(Data in this exercise):
..............................

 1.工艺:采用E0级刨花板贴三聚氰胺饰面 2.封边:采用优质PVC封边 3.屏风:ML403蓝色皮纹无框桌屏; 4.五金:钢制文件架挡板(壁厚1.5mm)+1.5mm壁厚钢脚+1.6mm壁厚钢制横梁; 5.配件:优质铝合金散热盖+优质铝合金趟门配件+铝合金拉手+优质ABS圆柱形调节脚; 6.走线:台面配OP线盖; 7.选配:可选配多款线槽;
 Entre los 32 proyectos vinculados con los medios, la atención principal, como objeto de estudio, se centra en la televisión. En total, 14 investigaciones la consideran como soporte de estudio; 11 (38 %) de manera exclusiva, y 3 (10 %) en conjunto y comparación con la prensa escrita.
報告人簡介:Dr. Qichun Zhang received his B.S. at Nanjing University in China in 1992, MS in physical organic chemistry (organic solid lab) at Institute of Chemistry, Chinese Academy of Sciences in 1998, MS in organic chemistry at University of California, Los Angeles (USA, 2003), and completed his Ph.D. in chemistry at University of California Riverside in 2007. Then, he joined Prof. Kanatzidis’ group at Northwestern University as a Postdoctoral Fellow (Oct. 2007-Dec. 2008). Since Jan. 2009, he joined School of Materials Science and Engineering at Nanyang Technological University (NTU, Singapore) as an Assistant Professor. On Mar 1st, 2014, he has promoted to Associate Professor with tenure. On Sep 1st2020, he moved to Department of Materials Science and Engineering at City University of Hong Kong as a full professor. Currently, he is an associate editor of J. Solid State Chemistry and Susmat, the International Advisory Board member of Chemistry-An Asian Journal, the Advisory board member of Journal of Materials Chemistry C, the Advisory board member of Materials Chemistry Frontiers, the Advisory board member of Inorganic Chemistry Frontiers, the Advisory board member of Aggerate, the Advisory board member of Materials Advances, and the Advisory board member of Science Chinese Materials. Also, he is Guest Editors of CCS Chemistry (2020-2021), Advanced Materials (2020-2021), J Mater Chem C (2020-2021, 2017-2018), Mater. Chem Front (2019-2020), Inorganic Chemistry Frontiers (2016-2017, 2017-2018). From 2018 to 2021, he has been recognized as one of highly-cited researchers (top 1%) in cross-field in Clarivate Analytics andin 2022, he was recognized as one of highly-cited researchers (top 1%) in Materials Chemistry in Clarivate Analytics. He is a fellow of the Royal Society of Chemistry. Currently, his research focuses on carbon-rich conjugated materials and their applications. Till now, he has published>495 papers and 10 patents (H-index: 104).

..............................

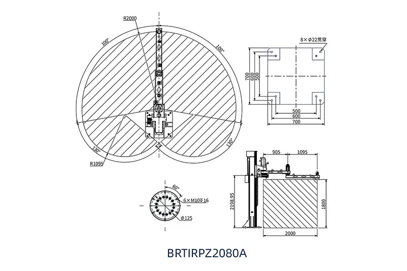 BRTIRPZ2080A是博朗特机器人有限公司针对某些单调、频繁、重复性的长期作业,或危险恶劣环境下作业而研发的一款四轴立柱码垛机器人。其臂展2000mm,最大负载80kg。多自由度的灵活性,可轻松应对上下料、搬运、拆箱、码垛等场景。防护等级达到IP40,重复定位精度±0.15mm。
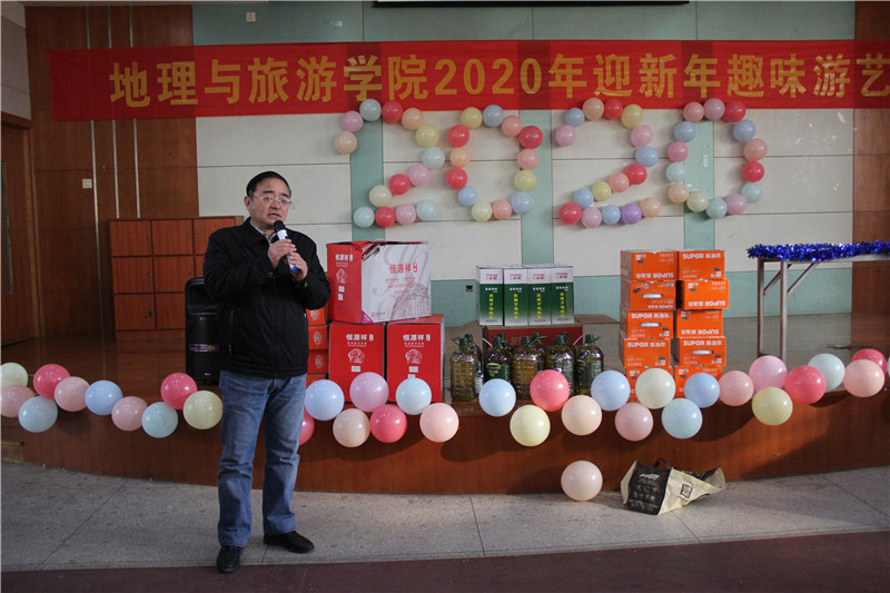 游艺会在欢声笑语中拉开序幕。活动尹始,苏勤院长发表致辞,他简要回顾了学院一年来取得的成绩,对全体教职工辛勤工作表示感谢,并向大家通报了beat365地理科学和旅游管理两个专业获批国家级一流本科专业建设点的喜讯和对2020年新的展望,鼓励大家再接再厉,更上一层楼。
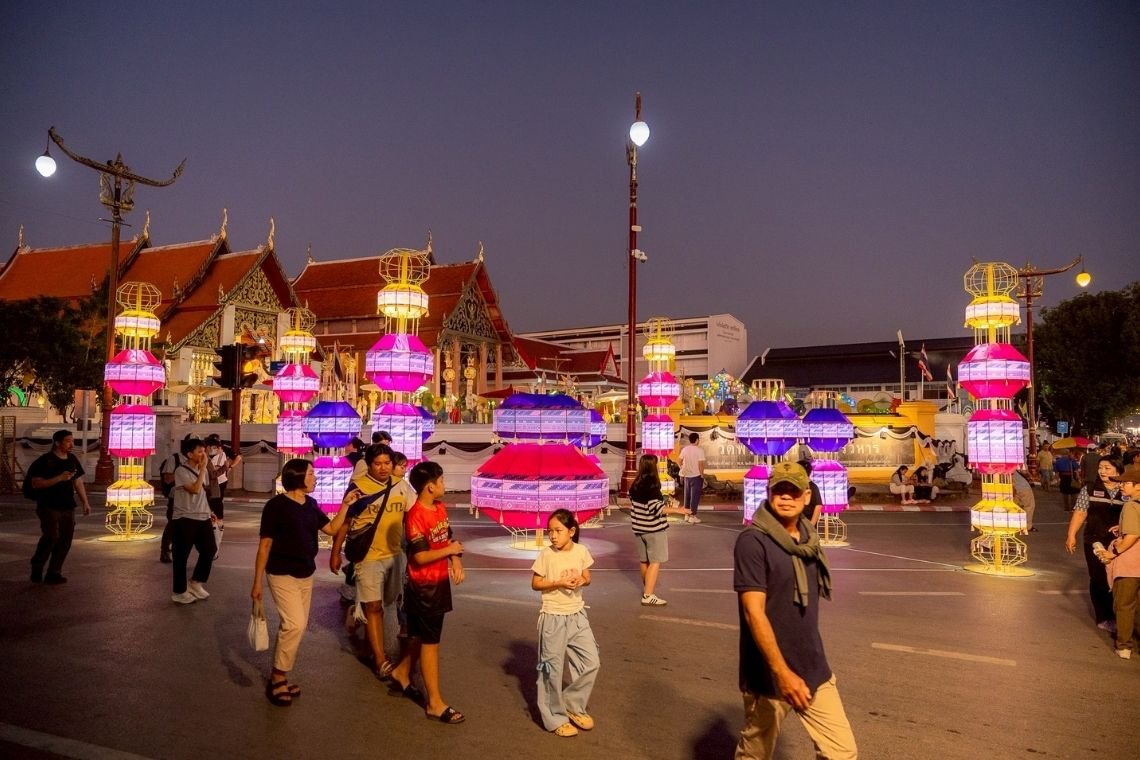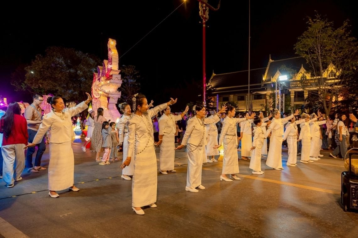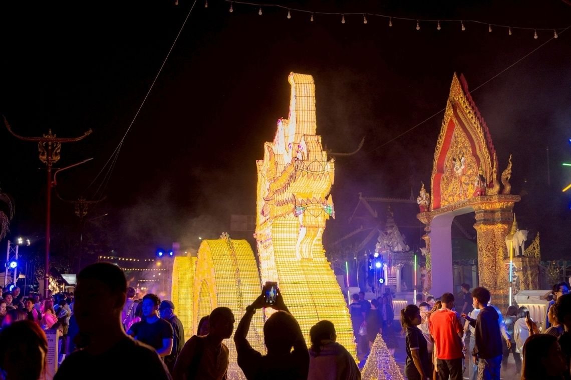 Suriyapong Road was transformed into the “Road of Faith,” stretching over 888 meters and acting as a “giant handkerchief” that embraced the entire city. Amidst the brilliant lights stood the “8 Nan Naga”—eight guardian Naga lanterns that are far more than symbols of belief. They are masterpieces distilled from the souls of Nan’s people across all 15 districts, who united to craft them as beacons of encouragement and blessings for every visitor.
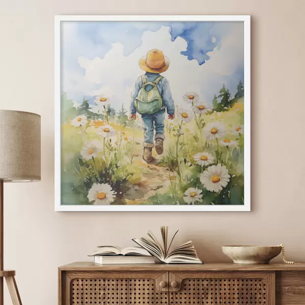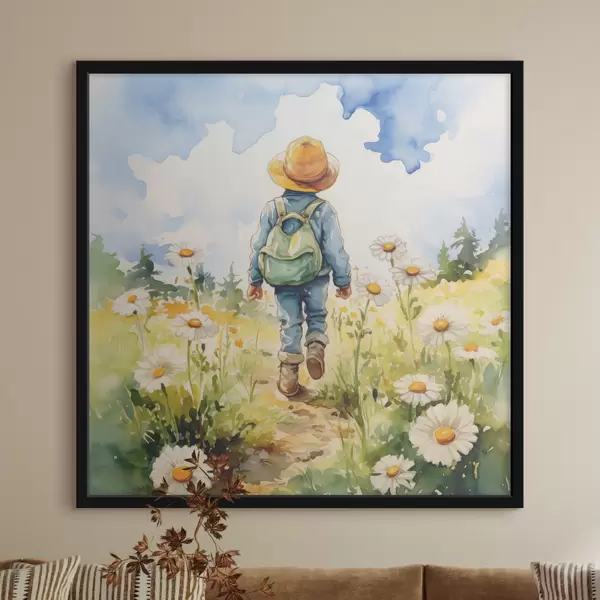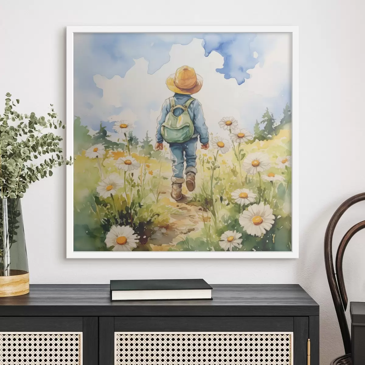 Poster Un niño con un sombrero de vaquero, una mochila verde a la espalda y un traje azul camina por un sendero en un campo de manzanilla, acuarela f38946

..............................

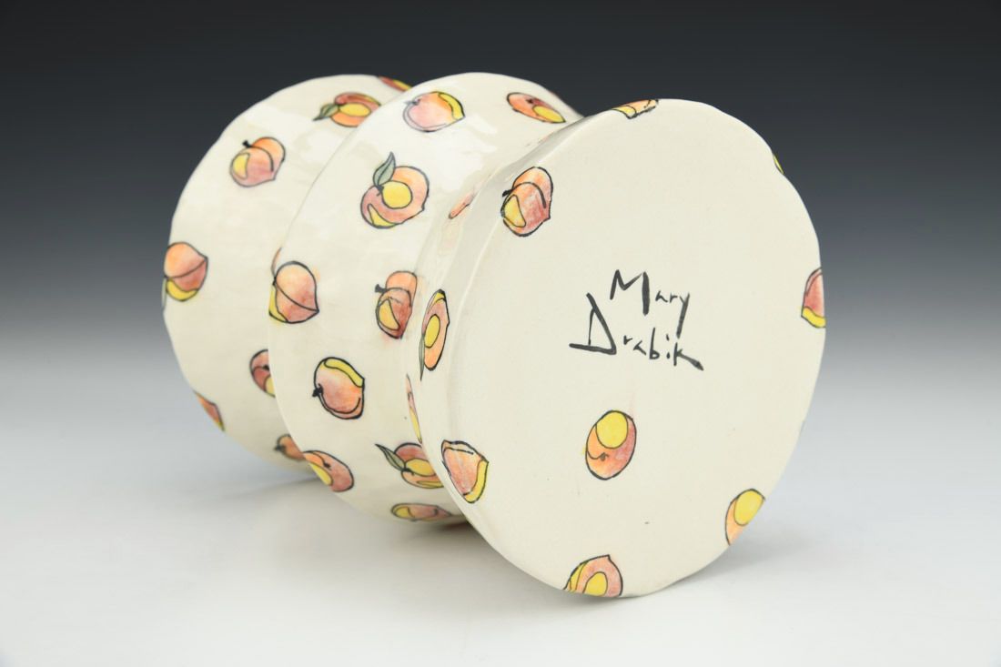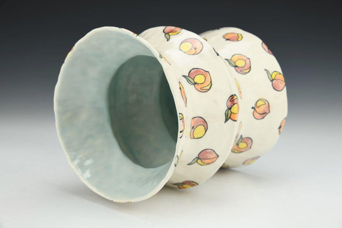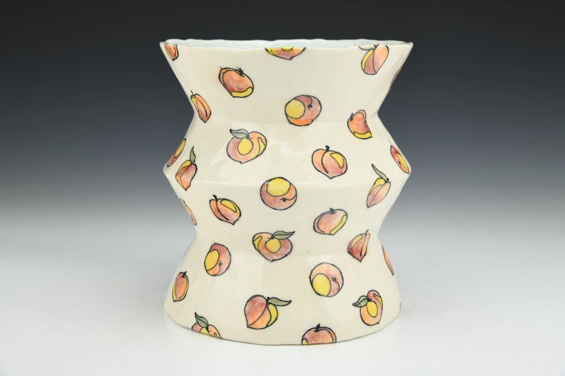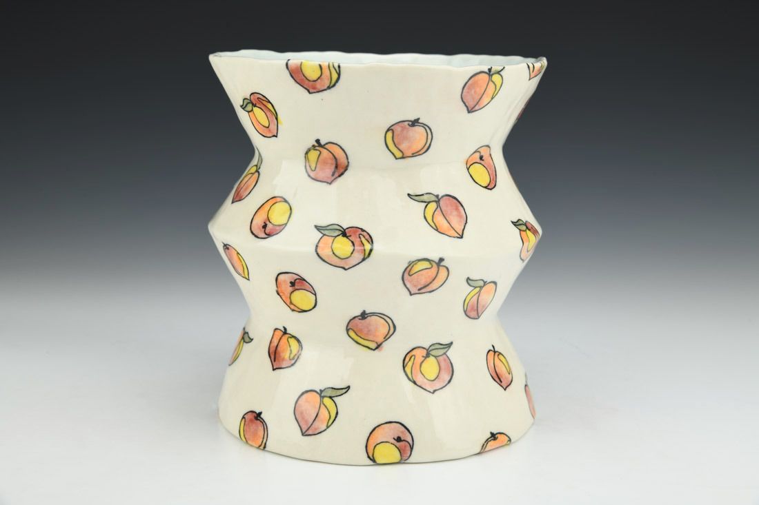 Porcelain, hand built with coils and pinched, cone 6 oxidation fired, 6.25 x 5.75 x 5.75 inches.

..............................

(Work to be completed): Among the entries above, copy exactly the stretch from the line holding "游艺会在欢声笑语中拉开序幕。" through the line holding "Suriyapong Road was", leaving out any pictures.

(Exercise solution):
 游艺会在欢声笑语中拉开序幕。活动尹始,苏勤院长发表致辞,他简要回顾了学院一年来取得的成绩,对全体教职工辛勤工作表示感谢,并向大家通报了beat365地理科学和旅游管理两个专业获批国家级一流本科专业建设点的喜讯和对2020年新的展望,鼓励大家再接再厉,更上一层楼。
 Suriyapong Road was transformed into the “Road of Faith,” stretching over 888 meters and acting as a “giant handkerchief” that embraced the entire city. Amidst the brilliant lights stood the “8 Nan Naga”—eight guardian Naga lanterns that are far more than symbols of belief. They are masterpieces distilled from the souls of Nan’s people across all 15 districts, who united to craft them as beacons of encouragement and blessings for every visitor.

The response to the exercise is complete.